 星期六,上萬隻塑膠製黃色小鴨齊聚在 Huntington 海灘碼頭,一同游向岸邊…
---
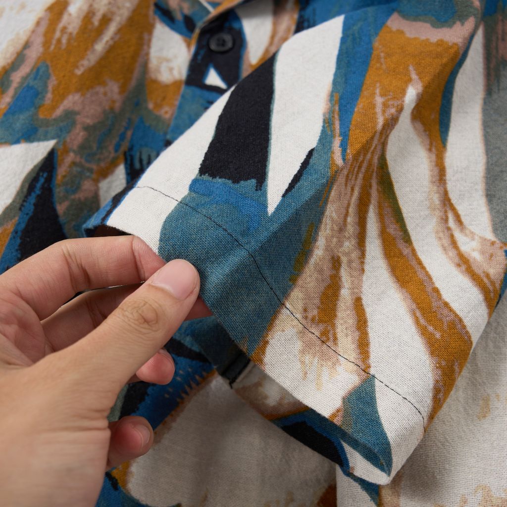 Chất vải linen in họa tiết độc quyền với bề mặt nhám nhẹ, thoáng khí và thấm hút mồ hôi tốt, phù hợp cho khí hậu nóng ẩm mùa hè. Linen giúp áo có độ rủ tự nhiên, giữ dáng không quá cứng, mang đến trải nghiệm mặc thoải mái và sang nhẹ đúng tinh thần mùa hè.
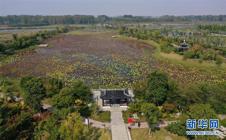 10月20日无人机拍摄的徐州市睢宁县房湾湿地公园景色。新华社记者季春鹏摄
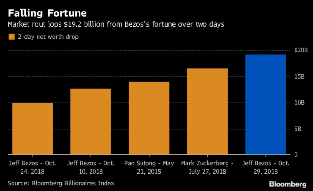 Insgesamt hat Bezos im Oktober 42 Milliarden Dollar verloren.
...
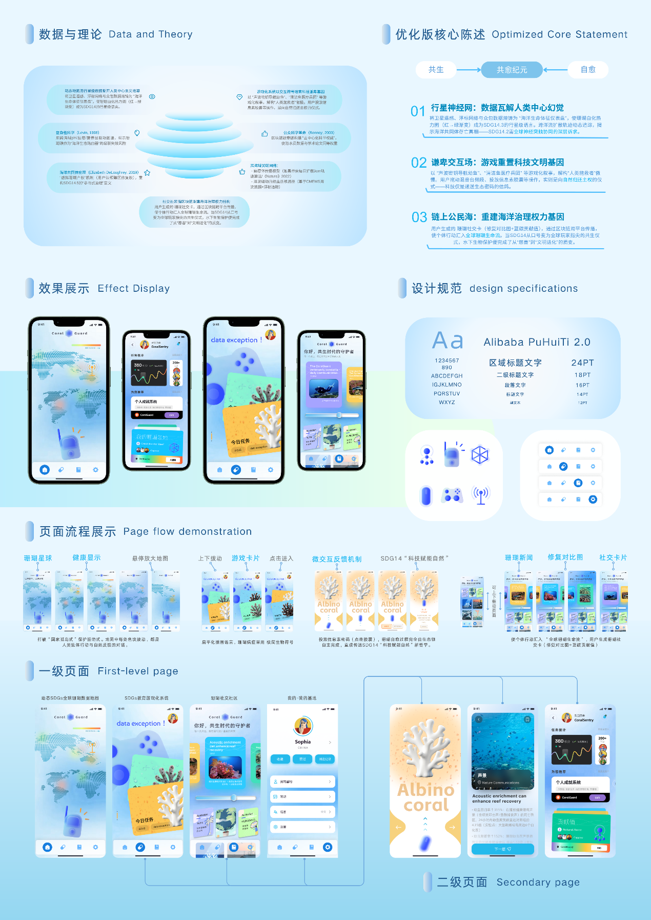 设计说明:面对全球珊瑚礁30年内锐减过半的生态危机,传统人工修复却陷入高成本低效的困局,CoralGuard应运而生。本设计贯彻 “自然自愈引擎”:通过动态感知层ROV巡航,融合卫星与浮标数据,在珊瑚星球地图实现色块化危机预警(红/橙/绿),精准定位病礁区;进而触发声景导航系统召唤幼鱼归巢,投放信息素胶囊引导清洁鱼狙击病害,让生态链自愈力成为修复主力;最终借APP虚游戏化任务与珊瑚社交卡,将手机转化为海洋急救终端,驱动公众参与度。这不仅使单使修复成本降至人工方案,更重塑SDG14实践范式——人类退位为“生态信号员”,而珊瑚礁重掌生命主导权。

* Exercise requirements
Take the material above from the line containing "Chất vải linen" up to and including the line containing "Insgesamt hat Bezos" and retype it exactly, without any pictures.

* Response area
 Chất vải linen in họa tiết độc quyền với bề mặt nhám nhẹ, thoáng khí và thấm hút mồ hôi tốt, phù hợp cho khí hậu nóng ẩm mùa hè. Linen giúp áo có độ rủ tự nhiên, giữ dáng không quá cứng, mang đến trải nghiệm mặc thoải mái và sang nhẹ đúng tinh thần mùa hè.
 10月20日无人机拍摄的徐州市睢宁县房湾湿地公园景色。新华社记者季春鹏摄
 Insgesamt hat Bezos im Oktober 42 Milliarden Dollar verloren.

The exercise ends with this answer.